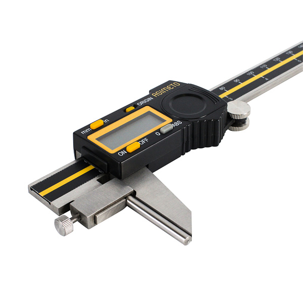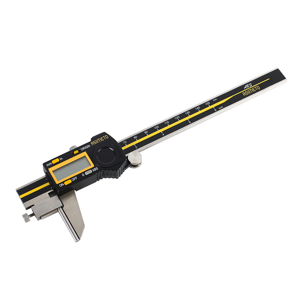 Цифровой штангенциркуль ASIMETO 316-08-2-П для измерения толщины стенок труб. При работе с цифровыми штангенциркулями результат измерений отображается на дисплее.
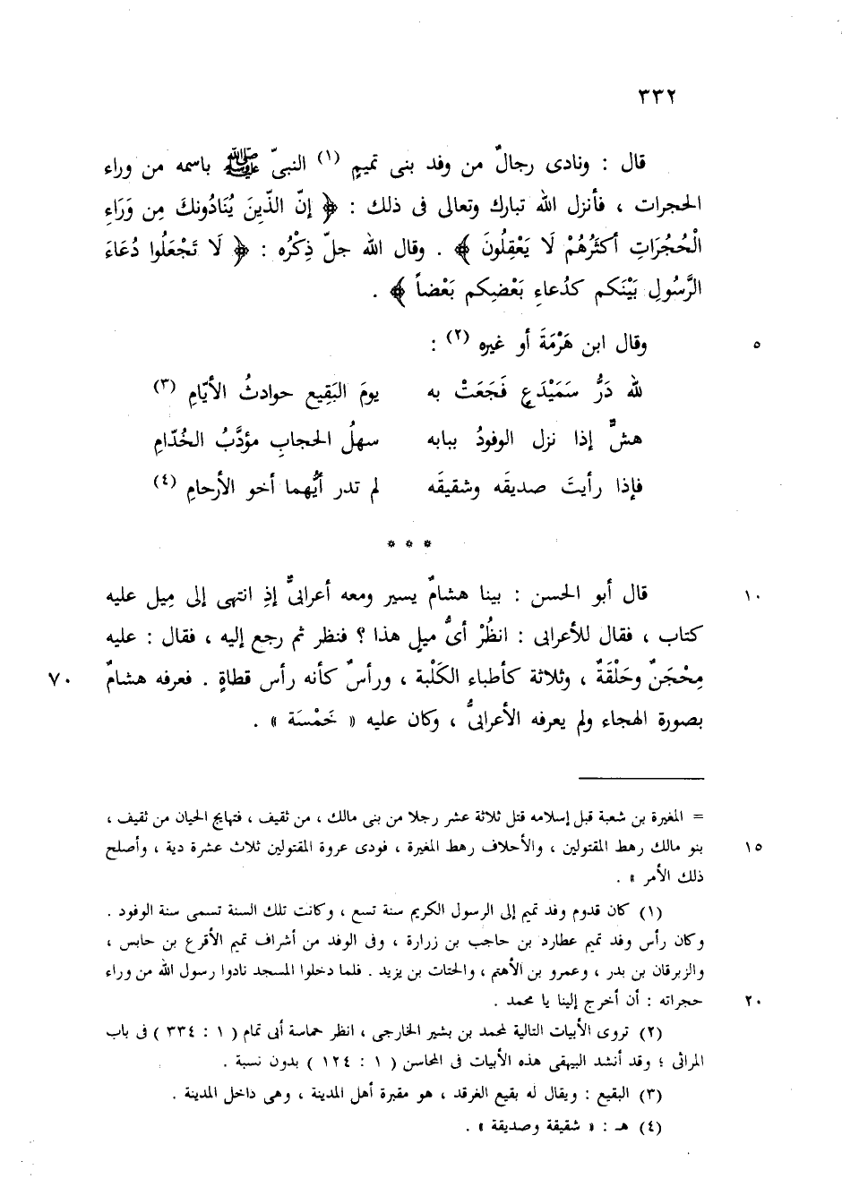 ونادى رجال من وفد بني تميم النبي باسمه من وراء الحجرات فقال الله تعالى ( ان الذين ينادونك من وراء الحجرات اكثرهم لا يعقلون ) وقال الله عز و جل ذكره ( لا تجعلوا دعاء الرسول بينكم كدعاء بعضكم بعضا ) وقال ابن هرمة او غيره
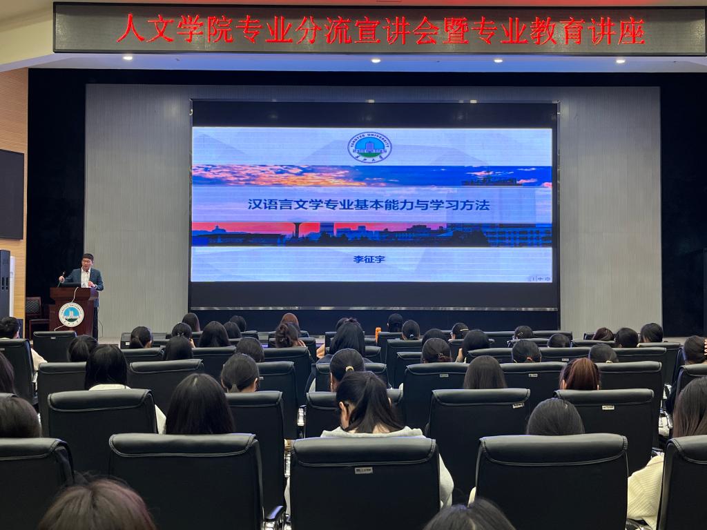 (通讯员 邓哲今)为增强同学们对汉语言文学专业的了解,明晰未来学习方向,4月10日晚19时,yl6776永利集团在农科大楼1058学术报告厅,开展2023级中文系专业分流宣讲会暨专业教育讲座。辅导员耿传令及2023级中文专业本科生参加,学院副院长李征宇主讲。
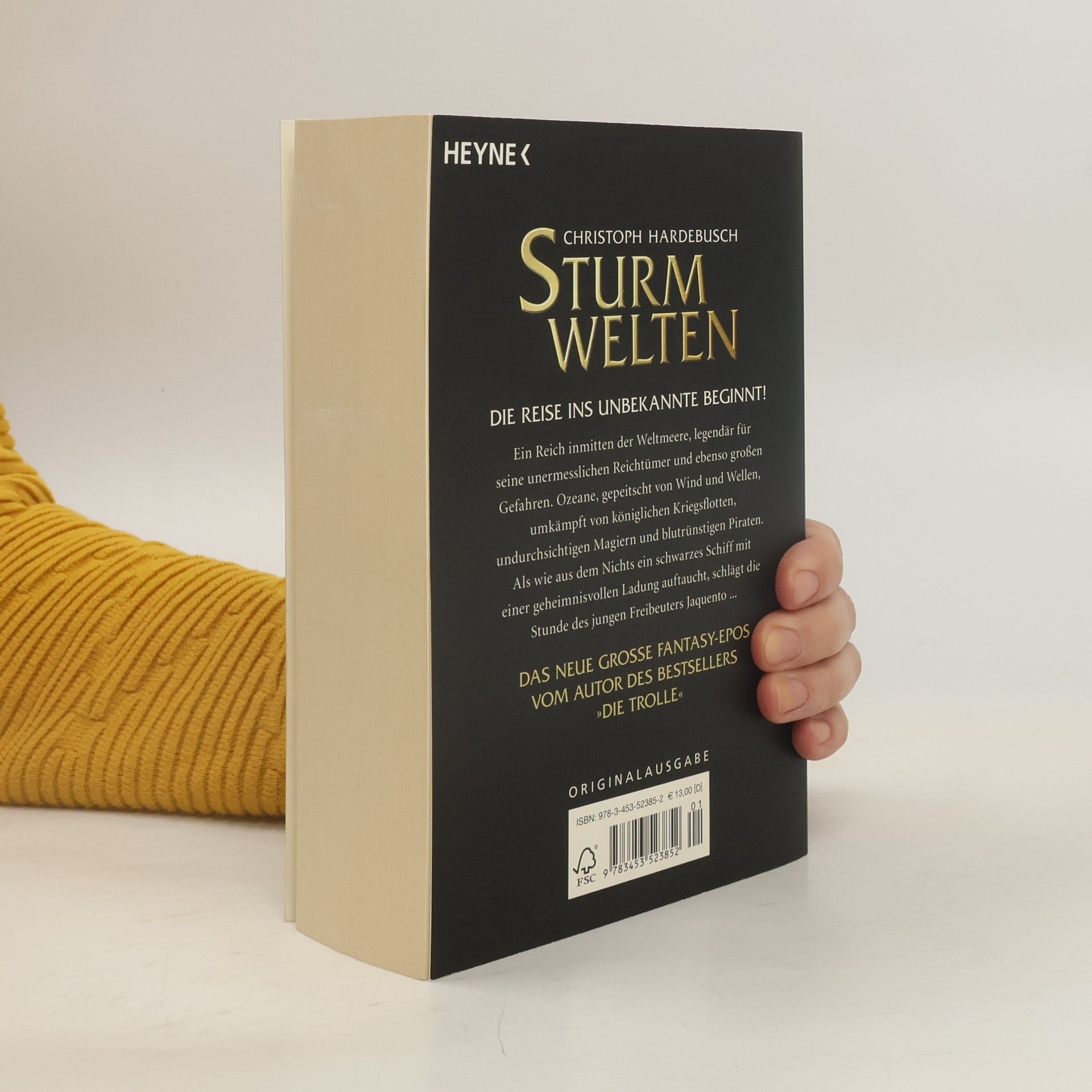 Sturmwelten – der neue Christoph Hardebusch! Ein Reich inmitten der Weltmeere, besiedelt von riesigen Meeresschildkröten, feuerspeienden Drachen und schillernden Wassermagiern. Stürmische Ozeane, gepeitscht von Wind und Wellen, befahren von kaiserlichen Armeen, blutrünstigen Piraten und geheimnisvollen Zauberern. Als wie aus dem Nichts ein legendäres Kolonialschiff mit einer magischen Ladung auftaucht, schlägt die Stunde des Freibeuters Jaquento – und es beginnt ein Wettlauf mit der Zeit. Mit seiner grandiosen epischen Fantasy-Saga vor nautischem Hintergrund prägt der junge Erfolgsautor die neue Generation der Fantasy.

- [Work to complete]: Your reply should consist solely of the lines above, from the opening line through the line with "(通讯员 邓哲今)为增强同学", reproduced exactly and without pictures.

- [Reply to the task]:
 Цифровой штангенциркуль ASIMETO 316-08-2-П для измерения толщины стенок труб. При работе с цифровыми штангенциркулями результат измерений отображается на дисплее.
 ونادى رجال من وفد بني تميم النبي باسمه من وراء الحجرات فقال الله تعالى ( ان الذين ينادونك من وراء الحجرات اكثرهم لا يعقلون ) وقال الله عز و جل ذكره ( لا تجعلوا دعاء الرسول بينكم كدعاء بعضكم بعضا ) وقال ابن هرمة او غيره
 (通讯员 邓哲今)为增强同学们对汉语言文学专业的了解,明晰未来学习方向,4月10日晚19时,yl6776永利集团在农科大楼1058学术报告厅,开展2023级中文系专业分流宣讲会暨专业教育讲座。辅导员耿传令及2023级中文专业本科生参加,学院副院长李征宇主讲。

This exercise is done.